While still quite young, Local Visions has stood out among Japan-based labels in 2018 thanks to one of my personal favorite mish-mashes of recent times. They dabble in the same sound and (sigh) aesthetic of internet niche genres such as vaporwave or future funk, but owing to the fact the bulk of artists thus far to release through them are Japanese, they add some welcome confusion to styles often finding non-Japanese artists pretending to be Japanese for appearances. But now everything gets mixed up, and besides some fun confusion Local Visions’ music offers a new perspective on digital-age sounds. See the charming elevator sounds of E-Muzak or the shimmering midnight delight of Crystal Cola’s L8 Nite TV.

Tenma Tenma’s “Rehearsal” serves as another curveball from the label. After several relatively laid-back offerings, “Rehearsal” jitters along like a bad TV connection. The beat features plenty of bright touches, but it also ripples and twists frequently, giving the song a dizzy feeling that only intensifies when Tenma’s own singing comes in. Digitally manipulated, it moves up and down in pitch and helps disorient the song further. But all of that unstable movement just makes the song more fun, the whole thing feeling like a tipsy dream. It’s another side to a label to keep close tabs on. Get it here, or listen below.

New Goto Nao Featuring Kakoi Nizimine: Yume Ni Ochiru

Goto Nao has shown their skill with the UTAU Kakoi Nizimine before, and on “Yumne Ni Ochiru” they only further show how singing-synthesizer technology can create something otherworldy. Their latest moves between dreamy passages that make the most of the digital vapor trail coming off of Kakoi’s voice, building up to a more rumbling release peppered with EDM details. And this release gets rounded out by two strong remixes, one courtesy of MSS Sound System and the other from Gaburyu. Get it here, or listen below.

New tofubeats: “Run”

Going “off the grid” — which, in 2018, means going somewhere with unreliable wi-fi and distracting yourself with a lot of time-sensitive work — can be great in a lot of ways, but boy is the return to the real world jarring. I spent the last five days at the Fuji Rock Festival, and couldn’t really keep up with…anything during that time. While not as pressing a concern as I come back to a daily routine — that would be being behind on work, sorry all my editors — the feeling of trying to catch up on everything that came out in Japanese music these past few days feels particularly daunting Tuesday morning. But one release rose above while out in the wilds of Niigata. That would be tofubeat’s new song “Run.”
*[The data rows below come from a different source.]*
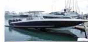
Fountain 38 CC (2011) 215,000 USD
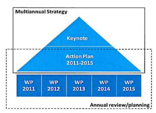
Figure 2: EUCPN's Multiannual Strategy and annual planning

The EUCPN's basic goals are reaffirmed in the Multiannual Strategy which was adopted by the Board in December 2010 for the period 2011 until the end of 2015, as shown in figure 2 below. The Multiannual Strategy 2011-2015<sup>37</sup> sets out the long-term orientations for the Network.
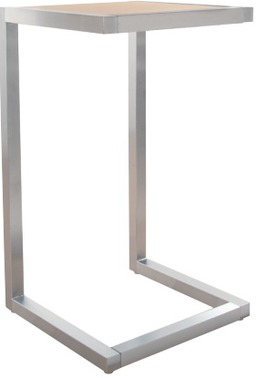
T504SC-H With Wood Top

The balancing act tofubeats has always performed is being a producer and being a performer in the spotlight. He’s navigated that tightrope well thus far, though last year’s Fantasy Club saw him edging back towards the center. And his 2018 output has only underlined that more. “Run” gives tofubeats space to step into a rap role that he’s long fancied in his career, and the end result is one of the giddier raps he has made, moving beyond the self-doubt found on last year’s album but also being a bit more serious than freebies like “Drum Machine.” “Run” also avoids the typical Japanese hip-hop pitfall of trying too hard to sound like an American artist, opting for something a bit more in tofubeat’s own lane thanks to the digi-pizzicato and general bounce. Plus, at just under two minutes, it wastes no time. Listen above.

MATSUANDTAKE Teams Up With Imai For My Life, Out There

This weekend is Fuji Rock Festival 2018, and I’m heading up to the mountains today! So this is more of a housekeeping post that updates might be sparse over the next few days. To tide you over, this new release from Maltine Records should hold you over, as it brings together two good producers (plus some solid remixes) for an energetic set. Get it here, or listen above.